The trial court concluded that the instruction should be given as the jury had heard testimony with respect to civil liability for the missing funds. Defendant contends that the instruction had no relevance and may have confused and misled the jurors.

We agree with defendant and direct that, under a similar evidentiary posture on retrial, the instruction not be given.

III.

Lastly, defendant contends that the trial court violated his right to due process by erroneously instructing the jury on the theory of complicity. We find no error.

The jury was instructed in accordance with the pattern jury instructions for complicity. See COLJI-Crim. No. 6:04 (1983). We conclude that the decision of our supreme court in People v. Wheeler, 772 P.2d 101 (Colo.1989) and this court’s decisions in People v. Close, 867 P.2d 82 (Colo.App.1993) and People v. Robinson, 874 P.2d 453 (Colo.App.1993) are dispositive of defendant’s arguments.

The judgments of conviction are reversed, and the cause is remanded for a new trial.

RULAND, J., concurs. METZGER, J., dissents.





Dissenting Opinion

Judge METZGER

dissenting.

Because the facts contained in the defendant’s offer of proof were irrelevant to the issues before the jury, I believe that the trial court did not abuse its discretion in rejecting the proffered testimony. Therefore, I respectfully dissent from Part I of the majority opinion.

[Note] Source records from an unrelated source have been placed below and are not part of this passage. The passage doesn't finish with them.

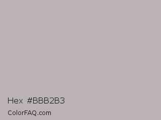 Hex #bbb2b3 Color is a light red color and the nearest color is Nobel #b7b1b1. Hex code #bbb2b3 and RGB value is rgb(187,178,179). In RGB color space, this color is composed of 73% red, 70% green, 70% blue, In CMYK color space, this color is composed of 0% cyan, 5% magenta, 4% yellow , 27% black , In HSL color space, this color has a hue angle of 353° , 6% saturation and 72% lightness.
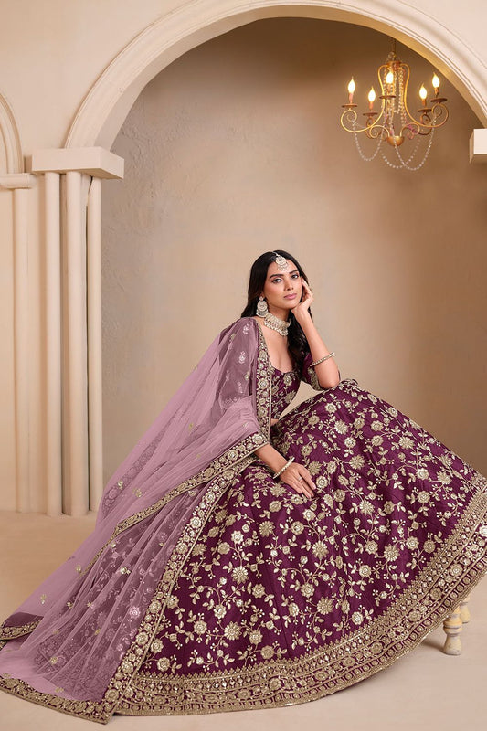 Regular price From £147.55 GBPRegular priceUnit price / per£210.15 GBPSale price From £147.55 GBP-29% OFFEnchanting Purple Chinnon Wedding Lehenga Choli SFANJ2916
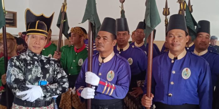 Sejumlah personel dari Kodim 0719/Jepara tampil mengenakan pakaian khas prajurit kerajaan lengkap dengan atribut tombak, yang menggambarkan keberanian dan keperkasaan dari tradisi militer Jepara pada masa lalu.
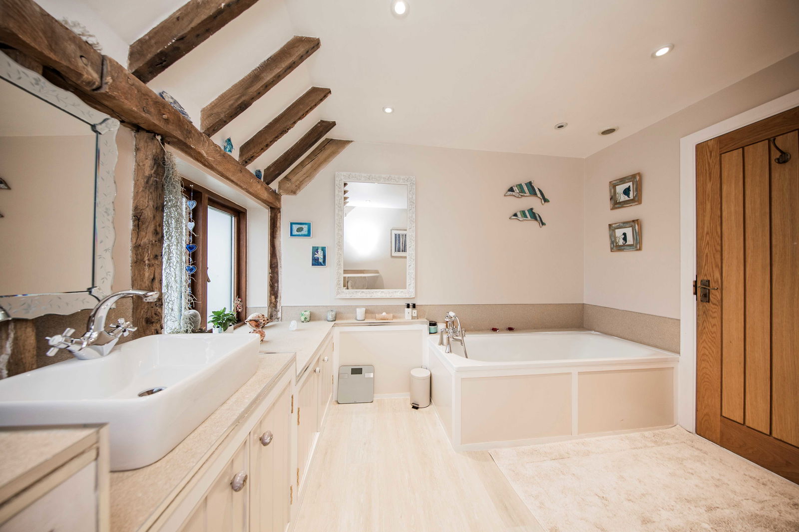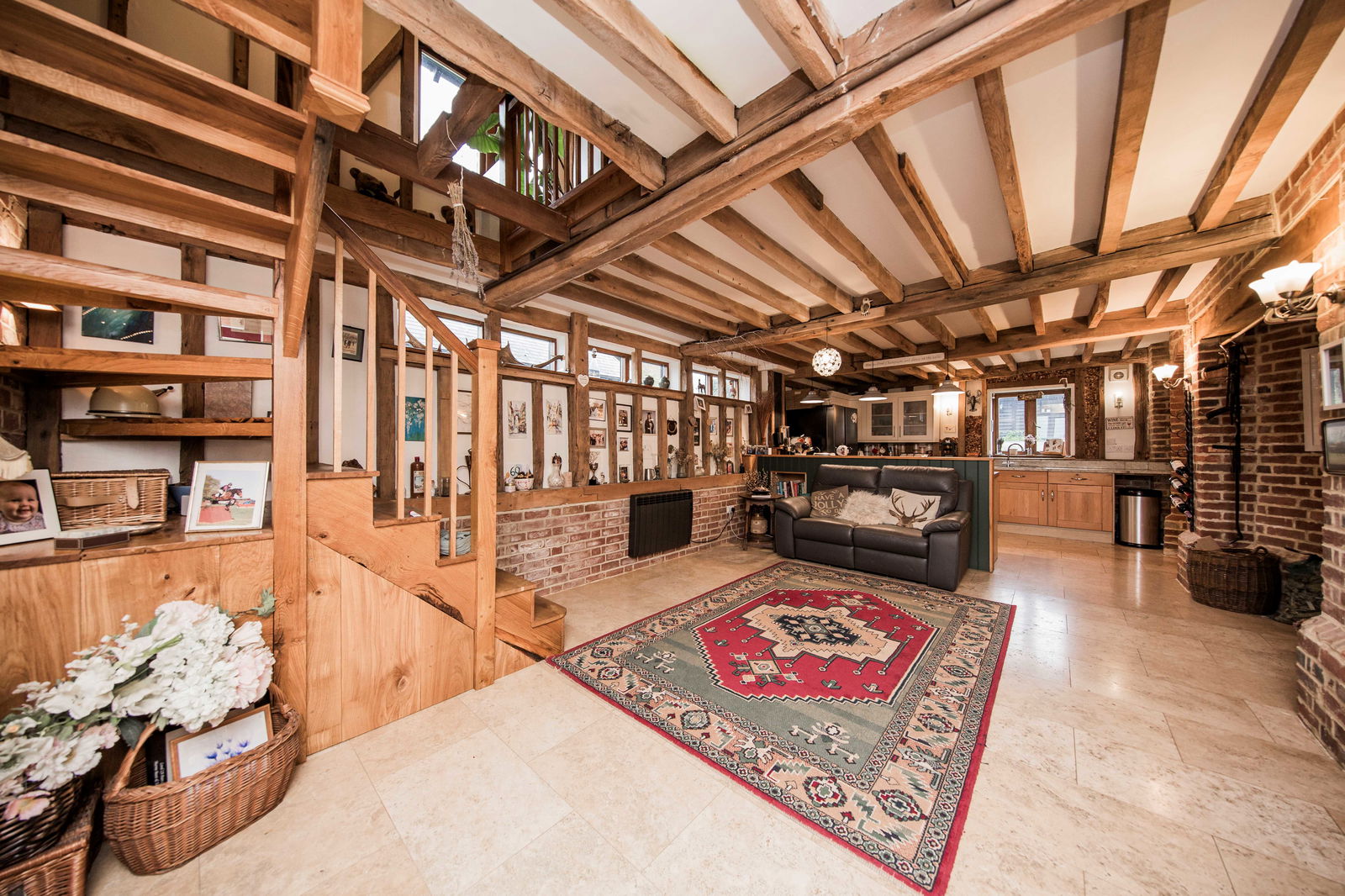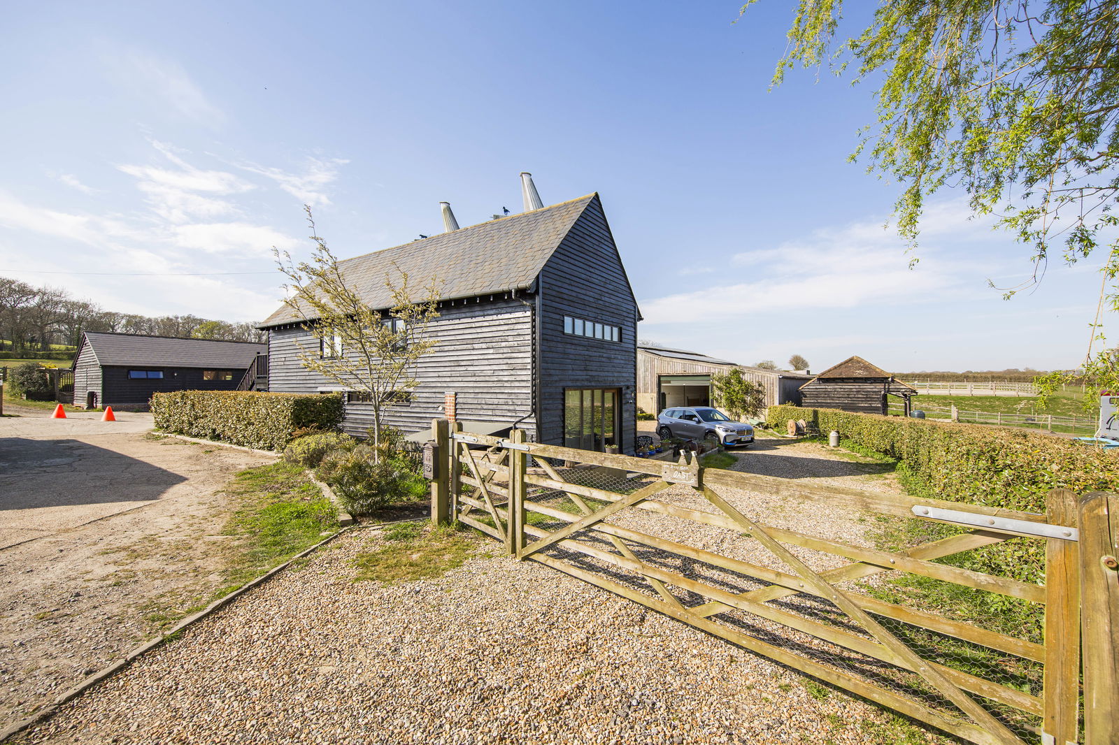 This stunning four-bedroom, two-bathroom twin-roundel oast house blends period charm, boasting iconic roundel structures, featuring exposed beams, brick detailing, and classic oast architecture and is complemented by sleek, contemporary styling throughout with modern amenities, nestled within a scenic working livery yard.
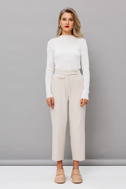 Лаконичные прямые брюки — основа базового гардероба. Выполнены из плотной ворсистой ткани на основе вискозы, дышащей и приятной к телу. Отрезной пояс обеспечивает комфортную посадку по фигуре. По переду и сзади - декоративные клапаны декорированные пуговицами. Длина брюк - 98 см.
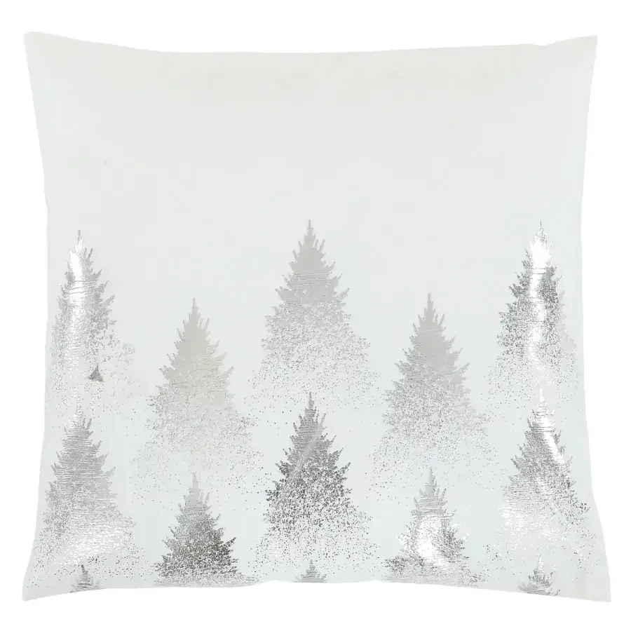 Dodejte interiéru zimní eleganci s sametovým povrchem polštáře UBR108-1 ve šedo-bílém provedení se stříbrným vánočním vzorem. Vzor zobrazuje náznaky špiček jehličnanů, které dodávají prostoru kouzlo zasněžené zimní krajiny.
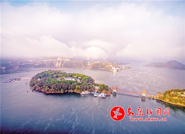 初冬的清晨,瀛湖風(fēng)姿綽約、曼妙無(wú)比。起初湖水像是受熱不均的沸水,這里一點(diǎn),那里一塊冒著熱騰騰的青煙,如絲如縷,在水面上輕盈地飄動(dòng)、游離、撕扯,如慵懶自在的白云,把天空、湖水襯托得更藍(lán)。漸漸地,煙嵐越來(lái)越濃,越來(lái)越多,像化不開的乳汁,最后整個(gè)湖面煙波浩渺,小船和遠(yuǎn)山若隱若現(xiàn),似人間童話仙境。這樣的山圍繞著這樣的水,這樣的水倒映著這樣的山,再加上湖中帆影點(diǎn)點(diǎn),白鷺行行,小島林立,魚群結(jié)對(duì),有種人在畫中游的感覺。深冬,總會(huì)落一兩場(chǎng)雪。那雪,極富層次。山下,素雪輕薄覆蓋;山上銀裝素裹,玉潔冰清。湖水則咕嘟咕嘟冒著熱氣,白綠相配,分外醒目,似丹青妙手繪制的山水畫,又似巧手繡娘精繡的刺繡,美輪美奐,惹人愛憐。
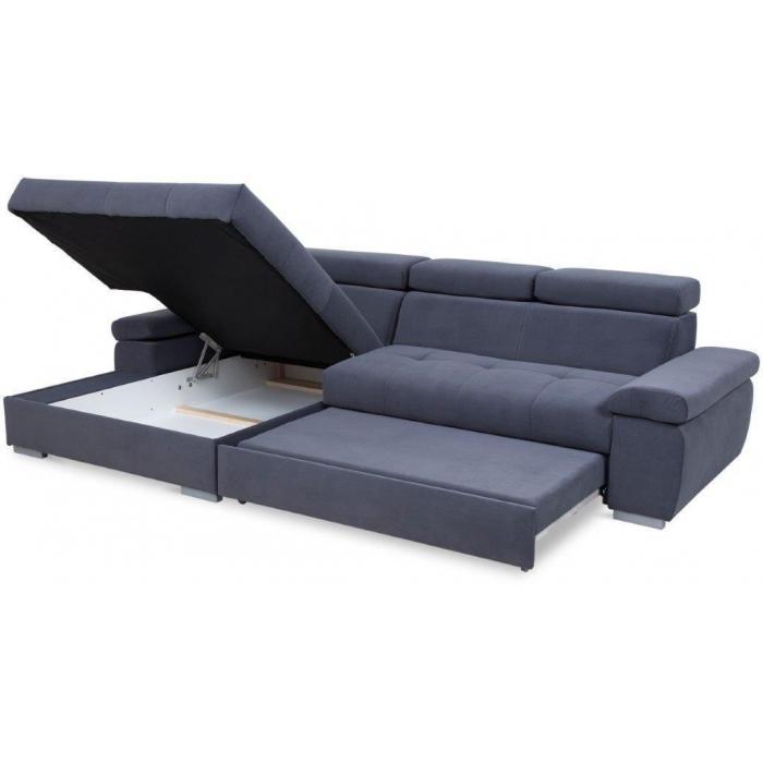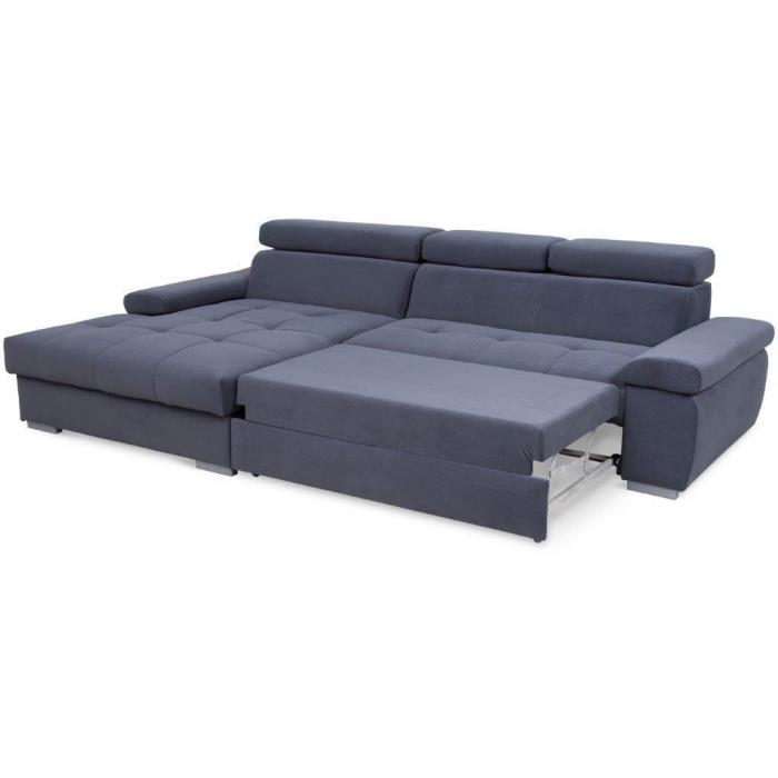 Sofa narożna Pedro to elegancja, wygoda i funkcjonalność. Duży narożnik rozkładany to mebel idealny dla rodzin, które cenią sobie wspólny wypoczynek na sofie. Pedro to nowoczesny narożnik posiadający regulowane zagłówki, zapewniając dodatkowy komfort wypoczynku podczas oglądania telewizji. Narożnik z funkcją spania wyposażony w sprężyny faliste oraz wygodne oparcie zadowoli nawet najbardziej wymagających miłośników wielogodzinnych drzemek. Kanapa narożna z pojemnikiem to idealne rozwiązanie, które świetnie sprawdzi się w każdym domu. Narożnik tapicerowany możesz ustawić w salonie lub innym pomieszczeniu. Meble wypoczynkowe wyposażone w funkcję spania to doskonały wybór na długie lata.
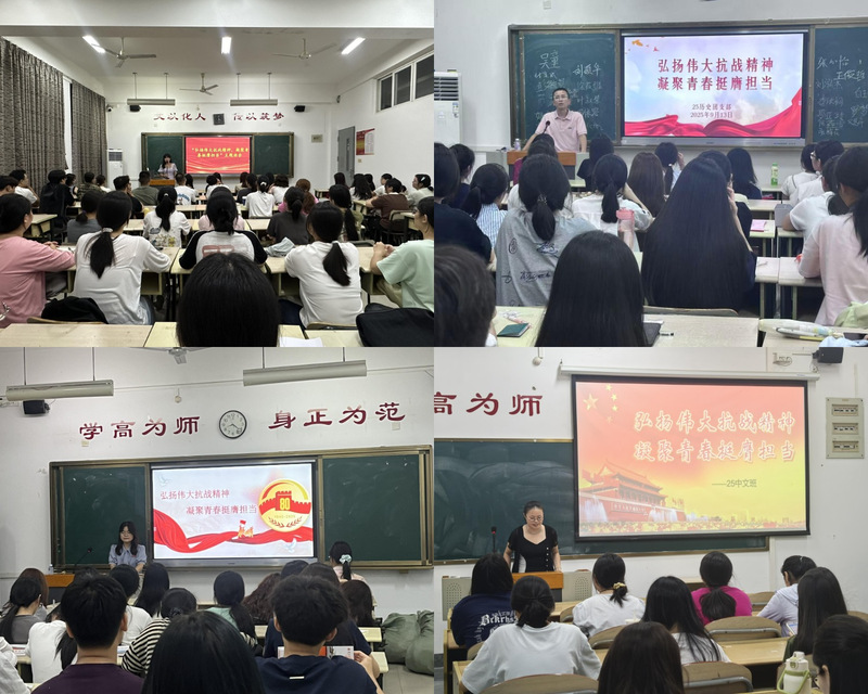 为深入学习习近平总书记在纪念中国人民抗日战争暨世界反法西斯战争胜利80周年大会上的重要讲话精神,引领青年学生坚定不移听党话、跟党走,传承和弘扬伟大抗战精神,文传学院辅导员于9月13-14日在2025级新生班级开展“弘扬伟大抗战精神,凝聚青春挺膺担当”主题班会。
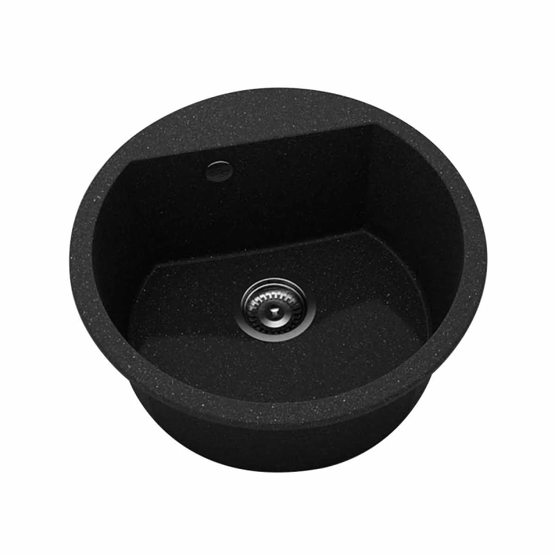 Eine runde Küchenspüle mit Rand der Marke FAT – zum Einbau. Aus Polymermarmor mit einem Durchmesser von 51 cm. Das Set enthält einen hochwertigen italienischen Siphon mit einer Größe von 90 mm.
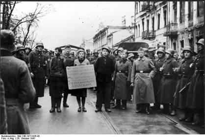 Литовские полицейские из 2-го батальона Schuma ведут на казньбелорусских партизан. Минск, 26 октября 1941 г.
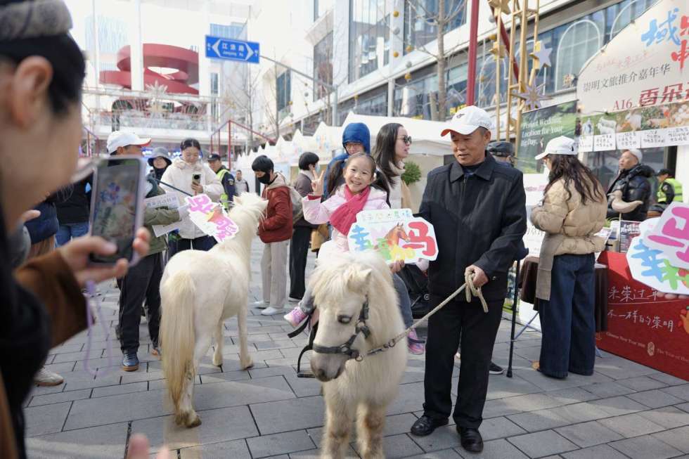 明年是农历马年,两匹白色小马惊喜亮相前滩公园巷,让游客纷纷为之驻足停留。两匹小马的马背目测不过一米高,性格温顺,格外惹人怜爱。大人撸撸马鬃,孩子则在工作人员指导下上马骑乘,充满欢声笑语。
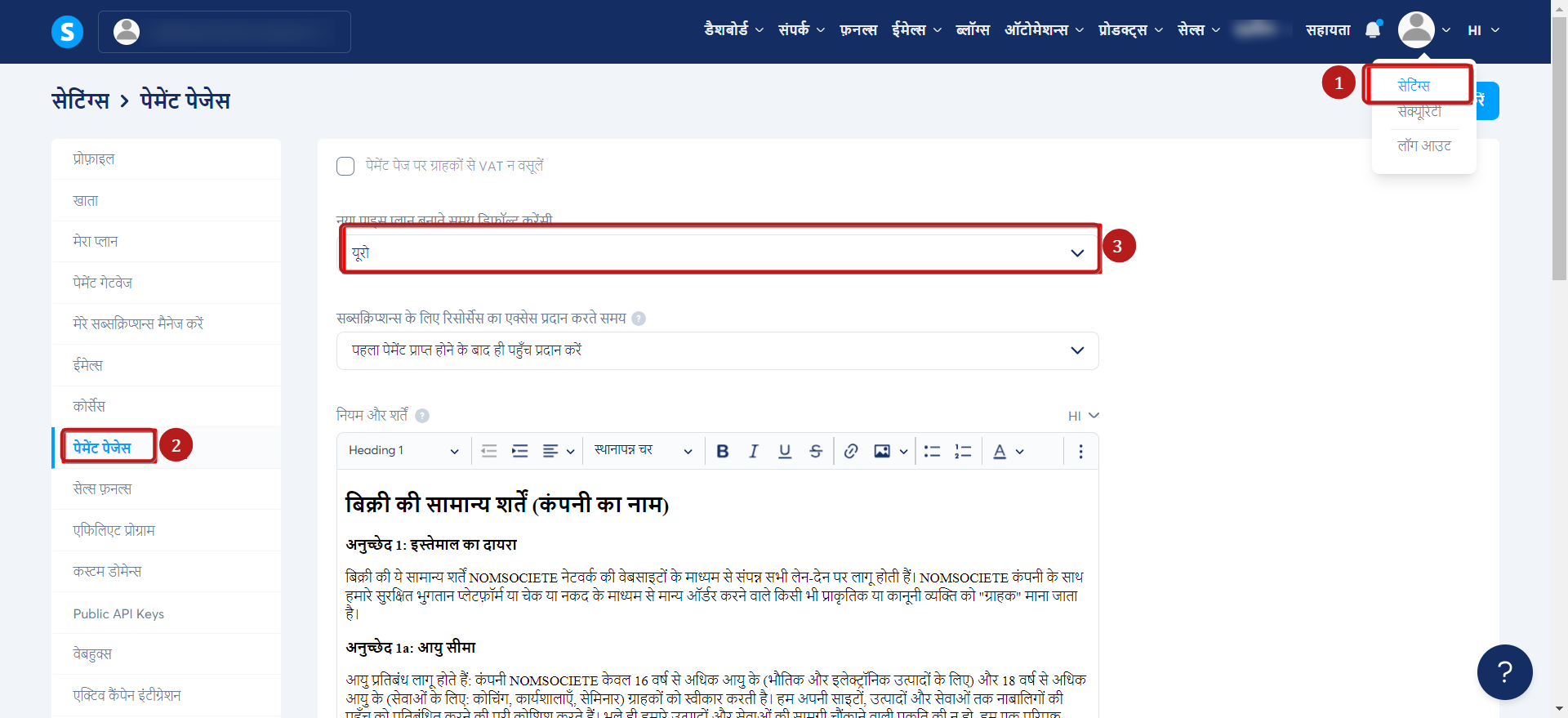 अपने प्रोफ़ाइल चित्र पर जाएं, सेटिंग्स (1) पर क्लिक करें, फिर भुगतान सेटिंग्स (2) पर क्लिक करें। आवश्यकतानुसार नई मूल्य योजना बनाते समय डिफ़ॉल्ट मुद्रा बदलें (3)।
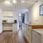 Bijkeuken met witgoedaansluitingen, kitchenette met gootsteen en tuindeur
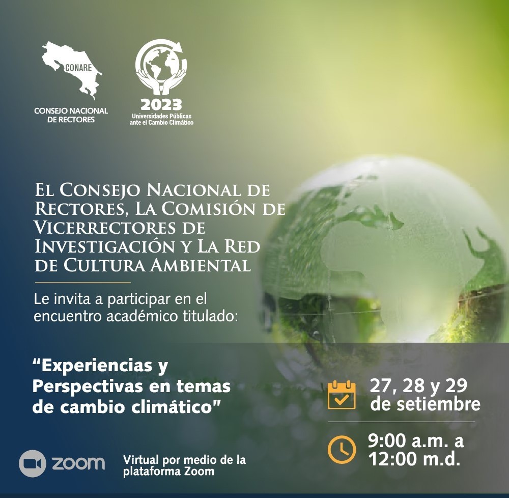 El CONARE, realizará los días 27, 28 y 29 de setiembre del 2023, el Encuentro Académico Virtual Experiencias y Perspectivas en temas de Cambio Climático, el cual tiene como objetivo analizar experiencias universitarias de docencia, investigación, gestión, extensión o acción social que aporten soluciones y formas distintas de afrontar de manera sostenible el reto global que representa el cambio climático y al que se enfrentan los seres vivos y los espacios naturales del Planeta.
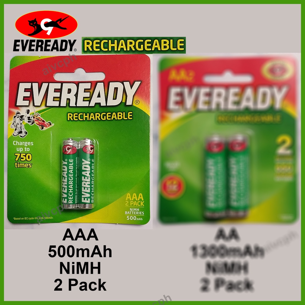 EVEREADY Rechargeable ( AAA 500mAh ) ( AA 1300mAh ) Batteries NiMH Battery (Eveready, not Energizer)

CRE 401 defines relevant evidence as that “having any tendency to make the existence of any fact that is of consequence to the determination of the action more probable or less probable than it would be without the evidence.” The determination of relevance rests in the sound discretion of the trial court. See People v. Carlson, 712 P.2d 1018 (Colo.1986).

In this case, defendant was charged with two counts of theft of $10,000 or more. The *617first theft allegedly occurred between May 5 and 15,1988. The second allegedly occurred between May 11 and 12, 1988.

On May 4, 1988, Nordic Title had entered into a contract with its underwriter, the effect of which was to terminate immediately the underwriting agreement between the two. Defendant concedes that the effect of that contract was to put Nordic Title out of business. However, the contract did permit Nordic Title to complete two pending transactions. Those two transactions formed the basis of the charges against defendant.

The offer of proof made by defendant’s attorney is:

I would just, as an offer of proof, say that some time in the summer of 1988, [defendant’s wife] did come to him. He was her attorney, she was crying, she was upset, she was suicidal. She wanted to turn herself in to the police and when he further questioned her, she said that she had been writing checks from the escrow account into the operating account to. try to keep the business afloat and there were shortages in the escrow account as a result of that; that she did all of this behind her husband, Kyle Ambrose’s, back, that he didn’t know about any of it, and [the attorney] then advised her to talk to a criminal lawyer and that she took that advice.

This offer of proof deals only with actions defendant’s wife took before Nordic Title effectively closed on May 4, 1988. It refers to her motivation to “keep the business afloat.” No reference is made to any actions she may have taken, or any knowledge defendant may or may not have had of her conduct, after that date.

The issue at trial was what knowledge, if any, defendant had regarding the status of the Nordic Title escrow account for the two transactions that occurred between May 5 and 15, 1988. Thus, what defendant’s wife may or may not have told the attorney about her check-writing practices before May 5 has nothing to do with the main issue in the case.

The trial court implicitly determined that the proffered testimony was irrelevant. Since the determination of relevance rests in the discretion of the court, People v. Carlson, supra, and since the record supports that implicit determination, I would hold that the trial court did not abuse its discretion in rejecting the proffered testimony. Henee, I would affirm defendant’s conviction.